[Lustre-discuss] Clients frozen during pressure test

Tue Aug 4 10:43:47 PDT 2009

On Aug 03, 2009  22:10 +0800, Lu Wang wrote:
> 		I am doing pressure test for a new 10-OSS Lustre file system using 70 client node. (each server has 10Gb Ethernet connection, each client has 1Gb Ethernet connection, there are 3 OST on 3 RAID6 volulme for one OSS)
> 		Each time, after about 4 hours, clients began to be frozen one after another. command "lfs check osts" shows that the frozen clients cannot access some OSTs. 
> 		error: check 'testfs-OST0007-osc-c9b82800': Resource temporarily unavailable (11)
> 		error: check 'testfs-OST0008-osc-c9b82800': Resource temporarily unavailable (11)
> 		error: check 'testfs-OST0009-osc-c9b82800': Resource temporarily unavailable (11)
> 
> and  command "lctl ping server" , shows "Input/Out put error"
> 				
>   	 	   However, the servers are not so busy( util% <10)  when clients are frozen. My question is:
> 			1.Why  clients cannot reconnect when servers are not so busy? 
> 			2. I am setting timeout=1000, do I need add timeout to a number larger?
> 			3.Is there any other  variable needed to be tuned under heavy pressure? 
> each server has 10Gb Ethernet connection, each client has 1Gb Ethernet connection. 

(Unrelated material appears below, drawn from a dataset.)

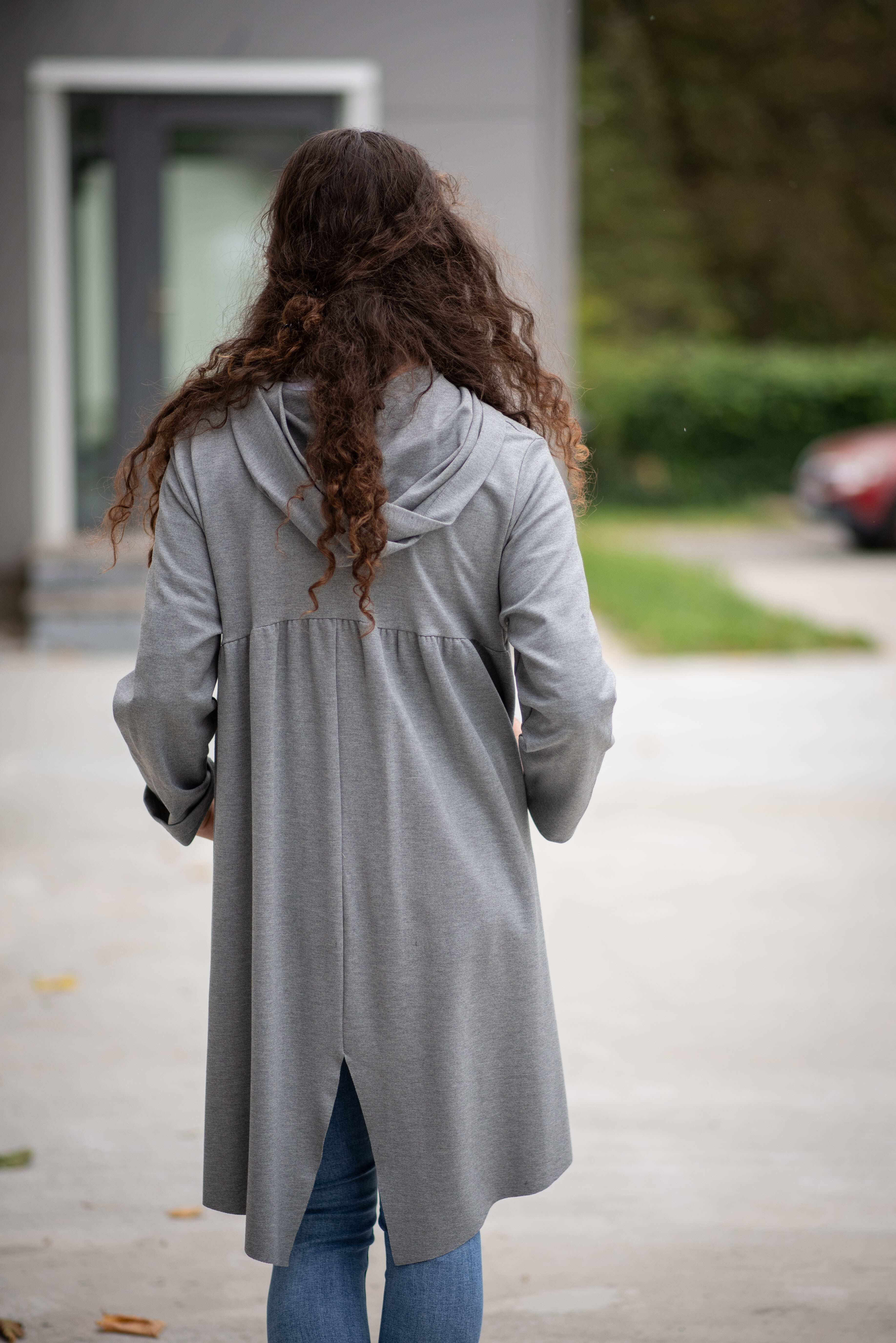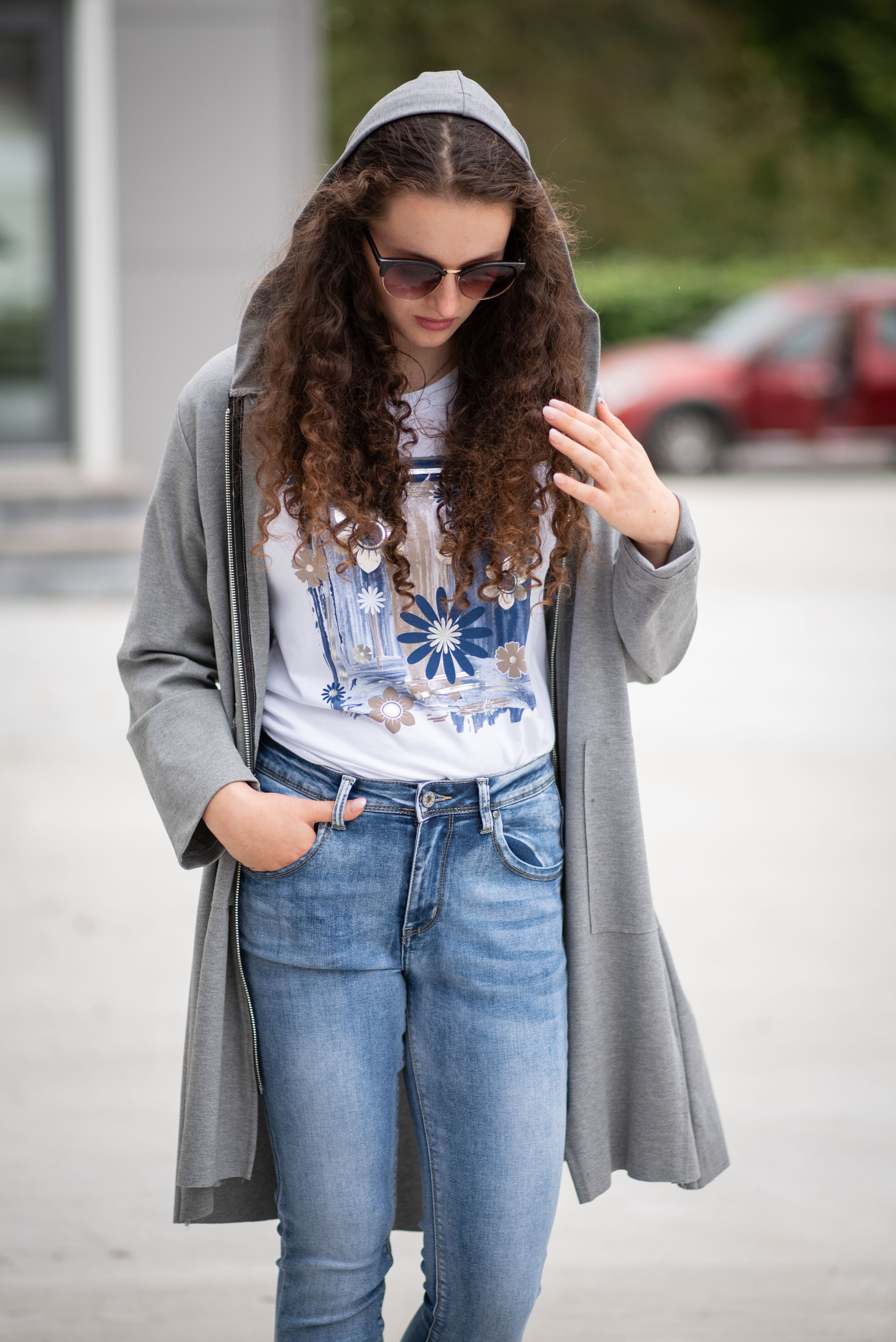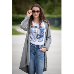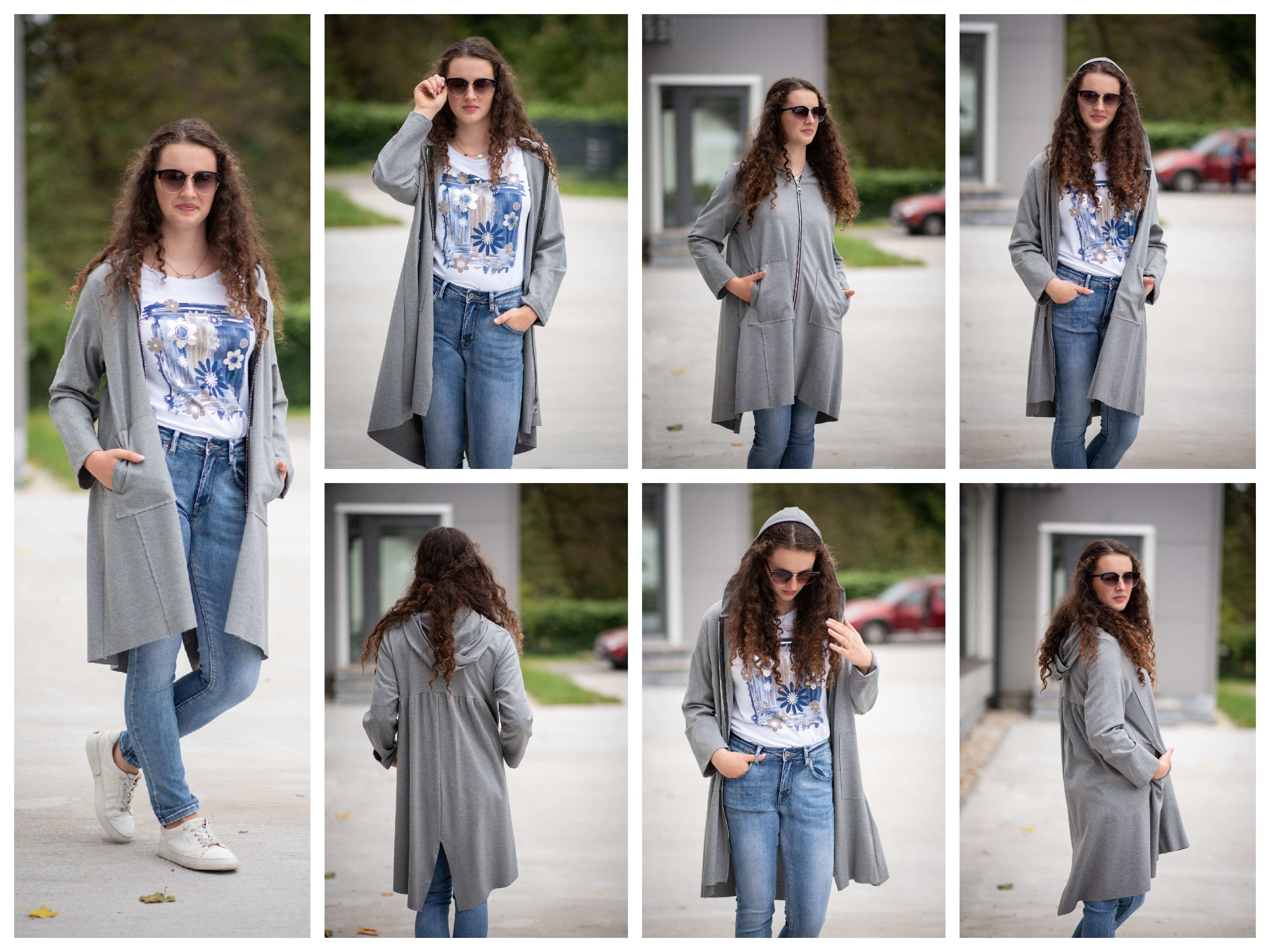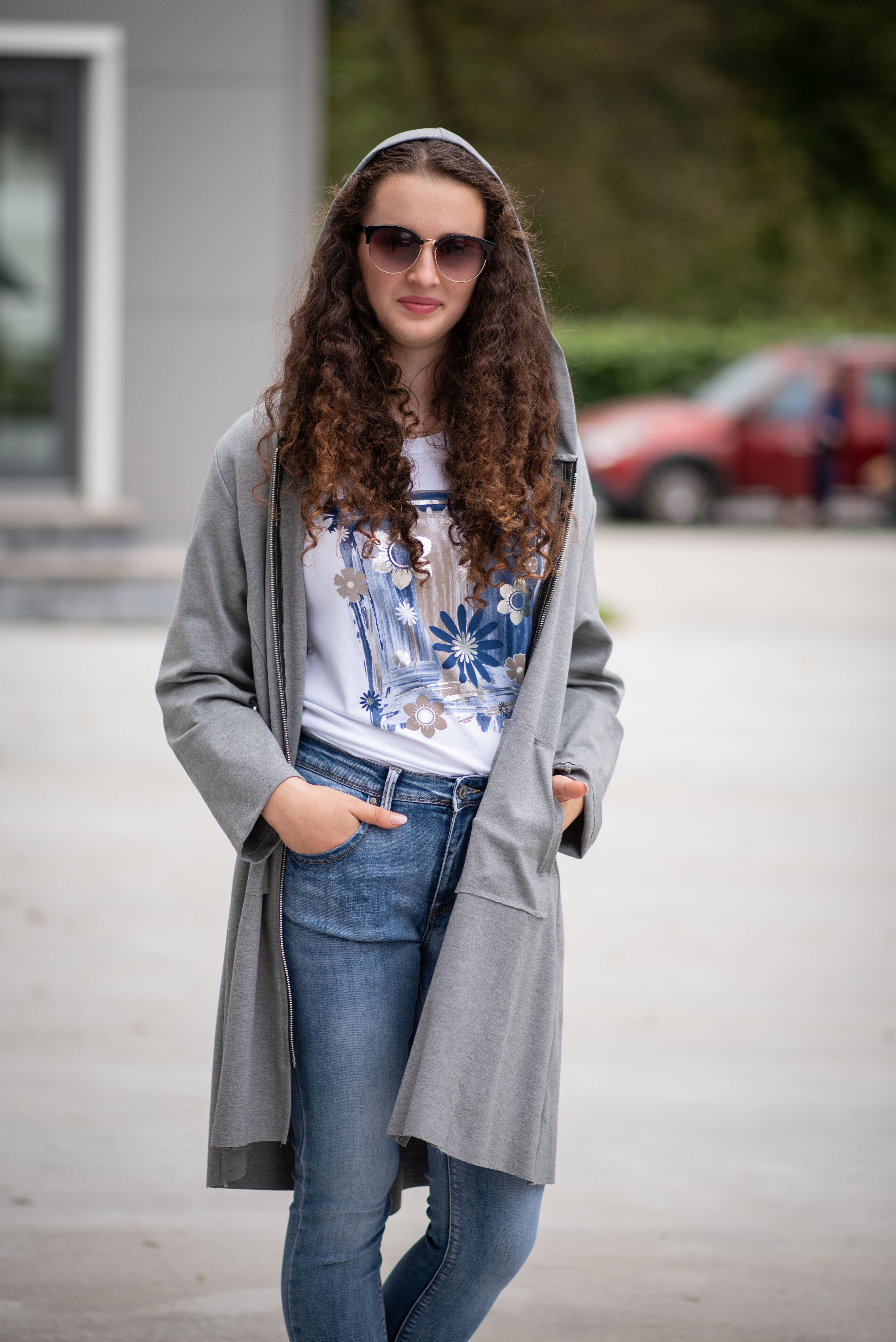 Kabátek s kapucí, zapínání na zip, na přední straně našité kapsy, prodloužená zadní délka. Trendy kousek do chladnějšího počasí. Dovoz z Itálie.

Using a timeout of 1000s is not good at all.  That means clients will
wait AT LEAST 1000s (16 minutes!) before even detecting that an RPC
failed.  If you are running Lustre 1.8 you don't even need to set the
timeouts - they are scaled automatically based on the load at the server.

You should check for error messages on the server that might indicate
why it is having a problem.  If all of the clients are reporting the
same OSTs, possibly on the same OSS, then that is a good sign there is
something wrong with that OSS.

Cheers, Andreas
--
Andreas Dilger
Sr. Staff Engineer, Lustre Group
Sun Microsystems of Canada, Inc.